Over time the growth of state activity caused a considerable increase in the number of public servants, and their decisions and those of ministers of the Crown can impact seriously upon the rights and freedoms of people. In 1962 the Office of the Ombudsman was introduced to provide a person to whom grievances could be referred. The ombudsmen form opinions about the complaints made about central, regional and local government after carrying out investigations. An ombudsman may reach a conclusion that a decision has been unfair, contrary to law, unreasonable, unjust, oppressive or just plain wrong. While recommendations by the ombudsmen are not legally binding, they carry a lot of weight and are usually acted upon.
The ombudsmen also review, upon receiving a complaint, decisions to decline the release of information under the Official Information Act 1982. This statute plays an important constitutional role in keeping government transparent and open.
Historically in New Zealand too much policy has been contained in regulations rather than statutes (acts). Regulations are authorised by acts of Parliament but they are made by the governor-general in council on the recommendation of cabinet.

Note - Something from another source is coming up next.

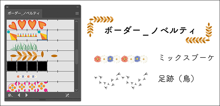 ブラシライブラリメニュー→“ボーダー”→“ボーダー_ノベルティ”には、図形などの縁(ボーダー)につけるのに向いたブラシが含まれています。飾り罫などに使いやすいのですが、ほかのIllustratorユーザーとかぶりやすいので注意が必要です(図11)。

For example, the Economic Stabilisation Act 1948 allowed regulations to be made to control all wages, prices and other aspects of the economy. In response to this problem the Regulations (Disallowance) Act 1989 was passed, and complaints about delegated legislation can be made to the Regulations Review Committee of Parliament.
Other review authorities
In recent years there has been a proliferation of agencies to which the public can complain for review of various decisions or actions. Some of these are the Independent Police Complaints Authority, the Human Rights Commission, the race relations commissioner, the privacy commissioner, the parliamentary commissioner for the environment, the health and disability commissioner and the children’s commissioner.
Since the 1960s the courts have developed the techniques of administrative law to review the legality of government action. The Judicature Amendment Act 1972 said that ‘the exercise, refusal to exercise, or proposed or purported exercise by any person of any statutory power’ could be judicially reviewed by the High Court. Judicial review is a keystone of New Zealand public law and a significant contribution to the rule of law. Furthermore, the New Zealand Bill of Rights Act 1990 provides that ‘Every person whose rights, obligations or interests protected or recognised by law have been affected by a determination of any tribunal or other public authority has the right to apply, in accordance with law, for judicial review of that determination.’ The grounds for judicial review are essentially those developed by the judges in cases that come before them, and it is a branch of common law assisted by statute.
At its base administrative law is about fairness. Breaches of natural justice or of legitimate expectations, illegality or irrationality, or lack of consultation when there should have been consultation, can make decisions invalid. In New Zealand the government is subject to the law and not above it.